As they approach their 40th birthdays, adults who smoked marijuana early and often in life face a higher likelihood of sheering off IQ points and performing more poorly on tests of reasoning, attention and memory than those who smoked pot less often, says a new study.
The latest research, published in the journal Proceedings of the National Academies of Science, underscores what the authors call the "toxic effects of cannabis on the brain" -- especially the developing brain. Against the backdrop of resurgent marijuana use among U.S. high school students, they recommend "increasing efforts" to "delay the onset of cannabis use" among teens.
"Collectively, these findings are consistent with speculations that cannabis use in adolescence, when the brain is undergoing critical development, may have neurotoxic effects," the authors concluded.
The study establishes marijuana's mounting neuropsychological effects over time by tracking a group of 1,037 children born in New Zealand for 38 years from the times of their births in 1972 and 1973. The children underwent extensive testing from their earliest days, and were tested for cognitive performance at 13 years of age -- before any had smoked pot -- and then again at 38.
In between, they were asked at 18, 21, 26 and 32 years of age about their use of illicit drugs, including marijuana. Participants were graded along a continuum according to whether they had a pattern of regular (four times per week or more), ongoing use of cannabis, or were classified as cannabis-dependent. The neuropsychological functioning of individuals along that spectrum was compared with that of subjects who never used cannabis or reported they had used it, but never regularly.
Those who had used marijuana earliest and those who had used it most persistently through life showed the greatest loss of cognitive function. That collective loss of brainpower among pot smokers held even after the researchers adjusted for differences in the education levels achieved by those who did and those who didn't smoke pot.
While those who had never used tended to pick up a little less than a single IQ point between 13 and 38 years old, those who had smoked pot most persistently -- or who had been declared marijuana-dependent at three or more time points of the study -- shaved an average of five to six points from their IQ, an "effect size" that the researchers characterized as midway between small and medium.
In speed of processing and laboratory tests that gauge "executive function," persistent pot smokers and those who had started early also turned in significantly lower scores than those who had not smoked pot at age 38. Consistently, individual participants who were considered to have shown signs of cannabis dependence before the age of 18 had lower scores and lost IQ points with the transition to adulthood. But those stark effects were not apparent for participants who started smoking pot regularly after the age of 18.
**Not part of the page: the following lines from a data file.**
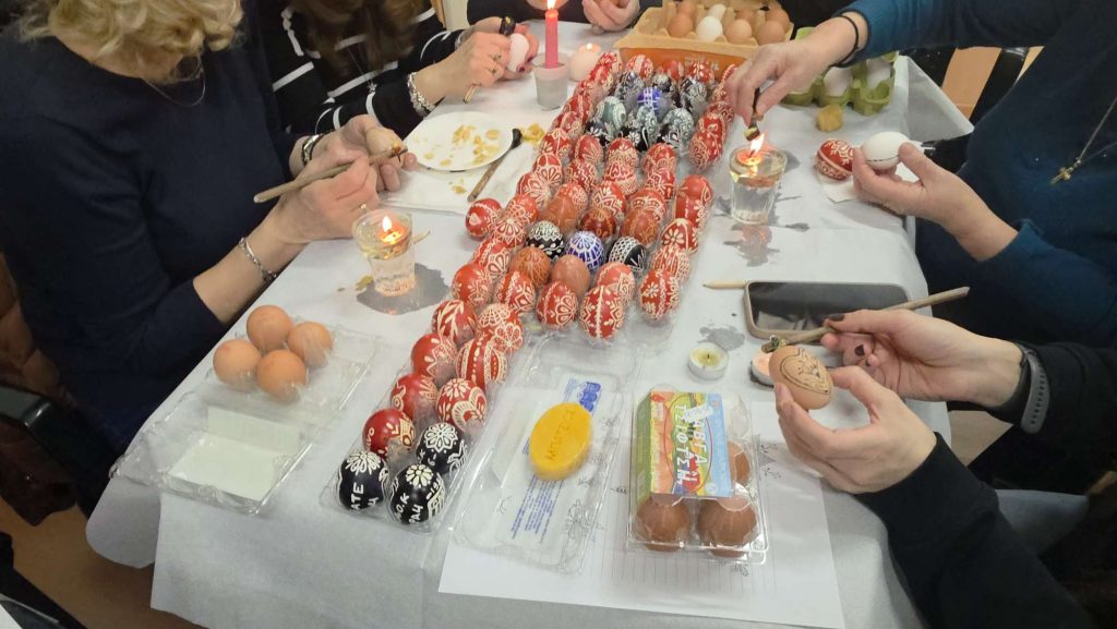 Η εκδήλωση φιλοξενήθηκε στην αίθουσα του χορευτικού του συλλόγου και, όπως κάθε χρόνο από το 2016, συγκέντρωσε μέλη και φίλους του συλλόγου που συμμετείχαν ενεργά στη διαδικασία δημιουργίας των παραδοσιακών αυγών.
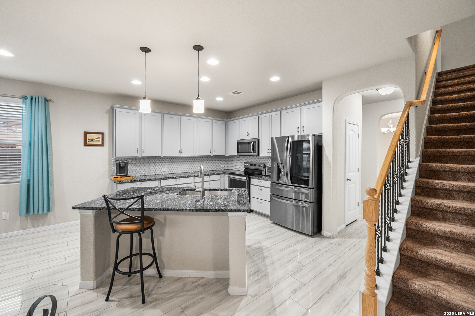 FROM THE MOMENT YOU WALK IN YOU KNOW YOU HAVE ENTERED YOUR VERY OWN PARADISE. STARTING WITH THE BEAUTIFUL TILE FLOORING THROUGHOUT THAT SHOWS THE QUALITY OF THIS HOME. THE CHEF'S KITCHEN IS BUILT AROUND A HUGE GRANITE ISLAND WITH BIG STAINLESS-STEEL SINK, UPGRADED APPLIANCES, LOTS OF UPGRADED CABINETS, AND PANTRY! OPEN FLOOR PLAN WITH THE KITCHEN OPEN TO THE LIVING ROOM MAKES A GREAT AREA FOR ENTERTAINING LARGE GATHERINGS. BIG MASTER BEDROOM DOWNSTAIRS FEATURING A LUXURY BATH FEATURING GRANITE COUNTER TOPS, LARGE WALK-IN SHOWER, DOUBLE VANITY, AND BIG WALK-IN CLOSET. DOWNSTAIRS HAS 2 ADDITONAL BEDROOMS. UPSTAIRS HAS A BIG FLEX ROOM, PLUS A HALF BATH, COULD BE A GAME ROOM, MEDIA ROOM, OFFICE, TEEN HANGOUT, MOTHER-IN-LAW SUITE OR MORE. OUTSIDE FEATURES A COVERED PATIO WITH AN EXTENDED DECK, COMPLETE FENCED AND MORE. ONLY A COUPLE MINUTES TO RANDOLPH, FORT SAM AND MUCH MORE!
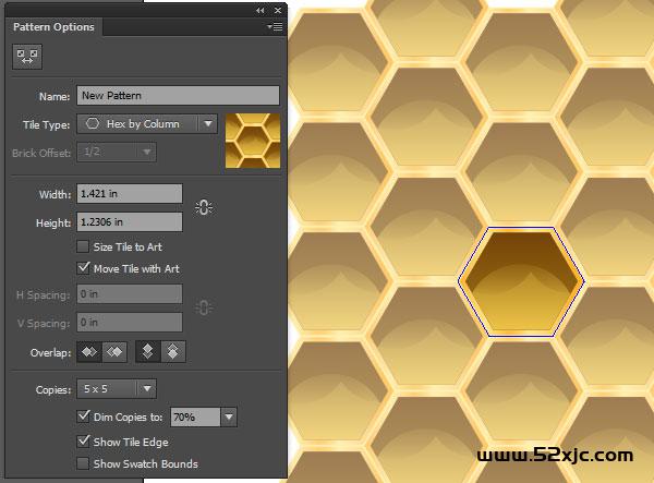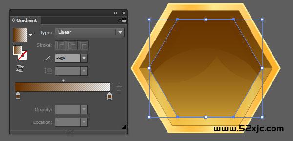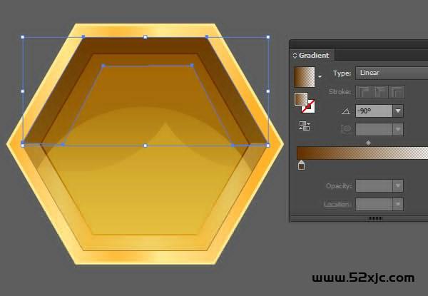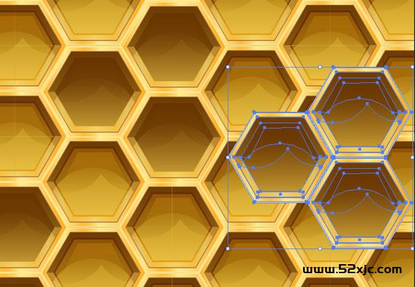 将少许洞造成空的且没有蜂蜜(或小虫)。复制粘贴暗黄色内六角形并删除少许明亮的渐变式样。将中央的六角形操纵第二个人第四步相像的棕色渐变。将这些六边形归为一个组。
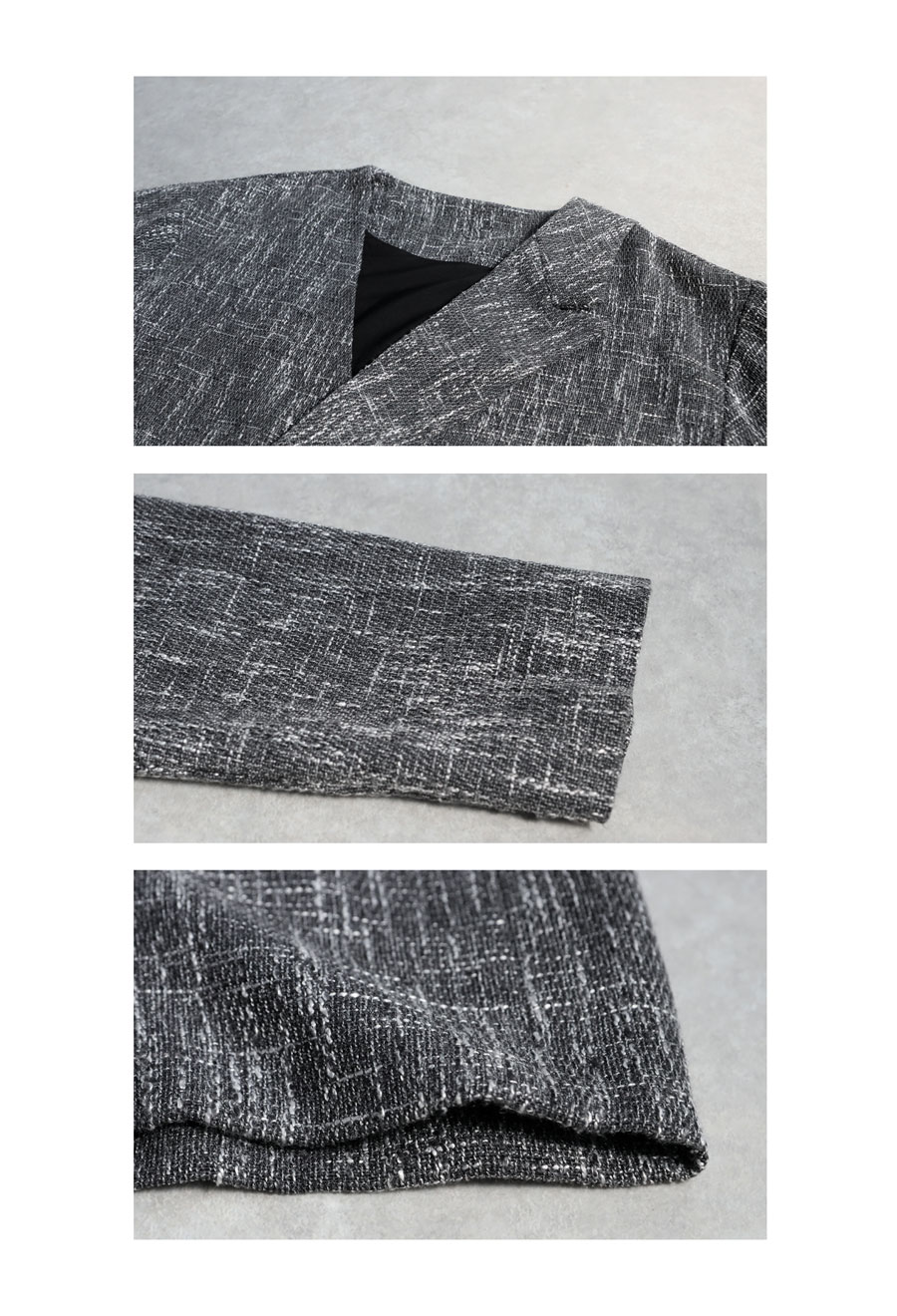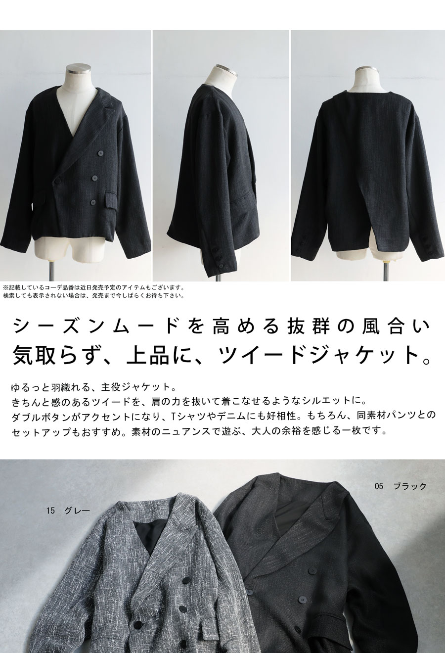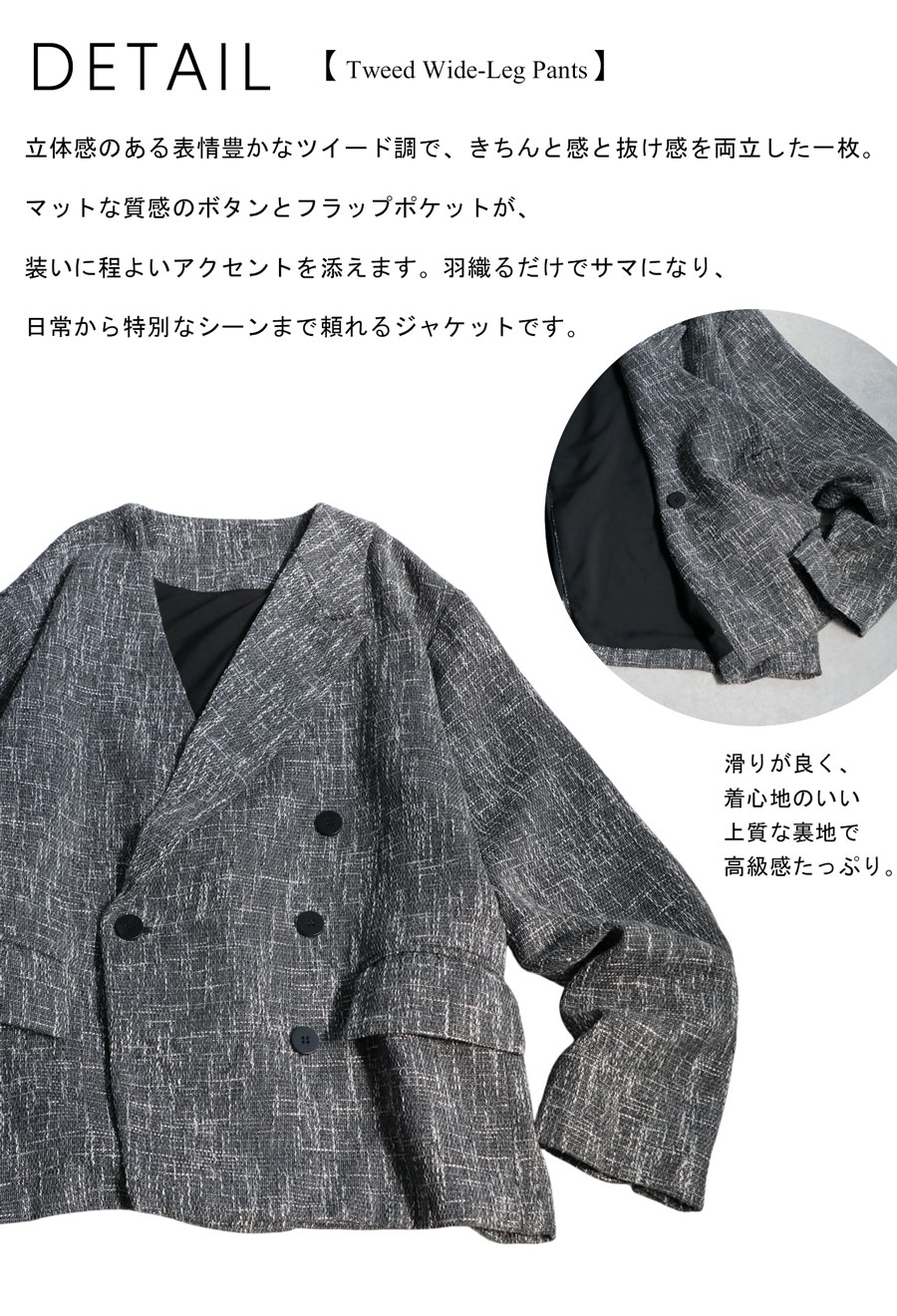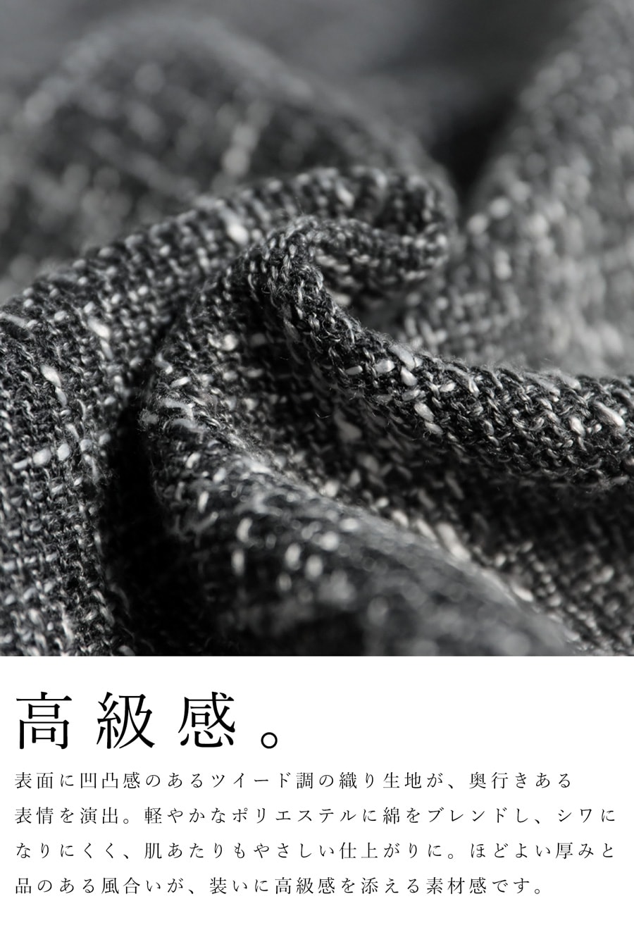 柄は織りの奥行きを感じるツイード調で、落ち着いた存在感を演出します。
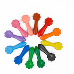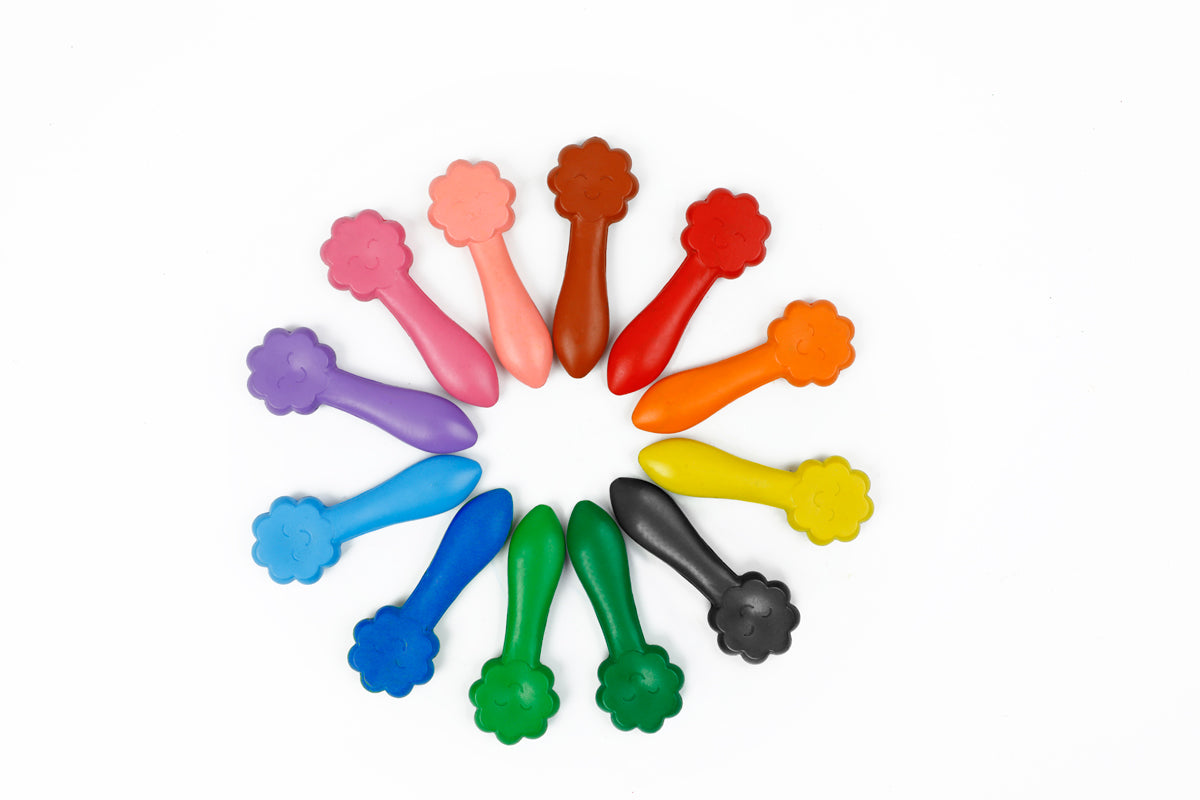 12 schattige waskrijtjes in regenboogkleurtjes.

The impairment of those who smoked pot early and often was also impairment to those around them, the researchers found. When people who participants said "knew them well" were asked whether the subject had shown memory or attention problems in the past year, their responses lined up neatly with extent of pot use.
New Zealand has a slightly higher rate of marijuana dependence than has been seen in the U.S. But the deleterious effects of pot smoking can't be put down to more potent weed, the study authors said: marijuana busts in both countries have turned up marijuana of roughly equal potency.
This is bad news for American kids (not to mention those who grew up in the 1960s and 70s). Between 2007 and 2011, rates of marijuana use among American middle and high school students has increased steadily and significantly: in 2011, 25% of eighth-, 10th- and 12th-graders say they have smoked marijuana at some point in the past year, according to the National Institute on Drug Abuse. Among 10-graders, 3.6% report they smoke pot almost daily, and 6.6% of 12th-graders do.